3D printed training simulator for transcatheter edge-to-edge repair of the tricuspid valve: A proof-of-concept
Background
Tricuspid regurgitation (TR) treatments have gradually shifted toward a more interventional approach and transcatheter edge-to-edge repair (TEER) has assumed a first-order role. TriClip™ by Abbott (Menlo Park, USA) is one of the most widely used devices for tricuspid repair. TEER procedures are recognised as technically challenging, characterized by a steep learning curve. For this reason, specialized training is necessary. The aim of this work is to develop and test a novel 3D printed training simulator, which considers both anatomical and mechanical characteristics, specifically designed for this kind of procedure.
Methods
Starting from routinely acquired computed tomography (CT) images, a 3D digital model of the heart was reconstructed. This was then properly “augmented”, so that it could realistically reproduce the key features involved in the procedure. The simulator was manufactured exploiting the Polyjet 3D printed. Proper materials selection was performed to accurately reproduce mechanical properties. The manufactured prototype was then tested by a specialized professional, with the TriClip™ system.
Results
The simulator was assessed to practice access, navigation, catheter steering and leaflet grasping.
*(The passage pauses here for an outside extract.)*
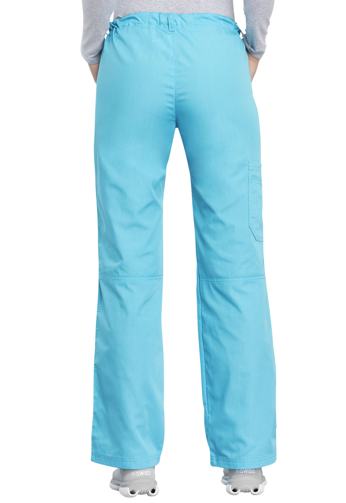 A Modern Classic fit, low rise, straight leg, drawstring pant with an elastic waist features, two front pockets, a D-ring on the left pocket, one cargo pocket with one scissor pocket, leg seaming detail at the knee, five belt loops and double needle top stitching complete this extraordinary pant. Inseam 28 1/2"

Throughout the process, appropriately placed cameras ensured that the operators could visualize the crucial steps on a screen. Even if a deeper evaluation is needed, preliminary feedback is satisfactory.
Conclusions
In this study, a new training simulator for TriClip™ procedure was designed, produced, and preliminary assessed. Further studies will have to demonstrate the advantages of using this simulator design to shorten the learning curve and subsequently lead to better clinical outcomes.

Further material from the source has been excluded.